Personal information
- Full name: Magali Rousseau
- Nickname: Mag
- Nationality: France
- Born: 10 March 1988 (age 38) Neuilly-sur-Seine, France
- Height: 1.75 m (5 ft 9 in)
- Weight: 63 kg (139 lb)

Sport
- Sport: Swimming
- Strokes: Butterfly
- Club: Canet 66
- Coach: Philippe Lucas

Medal record
Women's lifesaving
Representing France
The World Games
| Gold medal – first place | 2013 Cali | 50 m manikin carry |
| Gold medal – first place | 2013 Cali | 200 m super lifesaver |
| Gold medal – first place | 2013 Cali | 4x50m medley |
| Gold medal – first place | 2013 Cali | 4x50m obstacle |
| Gold medal – first place | 2017 Wrocław | 4x50m obstacle |
| Gold medal – first place | 2022 Birmingham | 200 m super lifesaver |
| Silver medal – second place | 2022 Birmingham | 4x25 m manikin |
| Silver medal – second place | 2025 Chengdu | 4x25m manikin |
| Bronze medal – third place | 2013 Cali | 200 m obstacle |
| Bronze medal – third place | 2025 Chengdu | 50 m manikin carry |

= Magali Rousseau =

French swimmer

Magali Rousseau (born 10 March 1988) is a French swimmer, who specialized in butterfly events. She represented her nation France in the 200 m butterfly at the 2008 Summer Olympics, and has been a member of Canet 66 in Canet-en-Roussillon throughout her swimming career under the tutelage of her coach Philippe Lucas. Rousseau is the daughter of three-time Olympic freestyle swimmer Michel Rousseau.

Rousseau competed as a lone French swimmer in the women's 200 m butterfly at the 2008 Summer Olympics in Beijing. Leading up to the Games, she topped the field with a personal best of 2:10.07 to eclipse both the nation's own Olympic standard and the FINA A-cut (2:10.84) at the French Championships in Dunkirk.
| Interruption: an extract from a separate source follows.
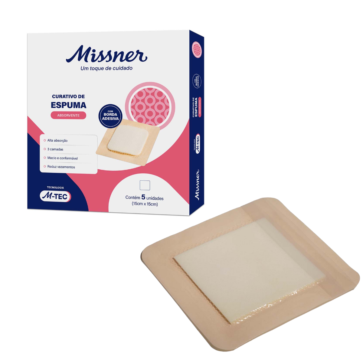 O Curativo de Espuma Absorvente M-TEC com Borda (Border), referência PA.1460, é um avançado sistema de 3 camadas projetado para o manejo de feridas com exsudato moderado a alto. Sua tecnologia combina uma camada de espuma hidrófila de Poliuretano (PU) de alta absorção com uma camada de contato perfurada de silicone adesivo, tornando-o macio, conformável e não-aderente ao leito da ferida.

Swimming on the far outside in heat three, Rousseau chased the rest of the swimmers throughout the race to round out the field with a seventh-place time in 2:13.12. Rousseau failed to advance to the semifinals, as she placed twenty-eighth overall in the prelims.

Rousseau is a very successful World Games athlete. In 2013, she won four gold medals and one bronze in life saving. In 2017, she won another gold medal in lifesaving.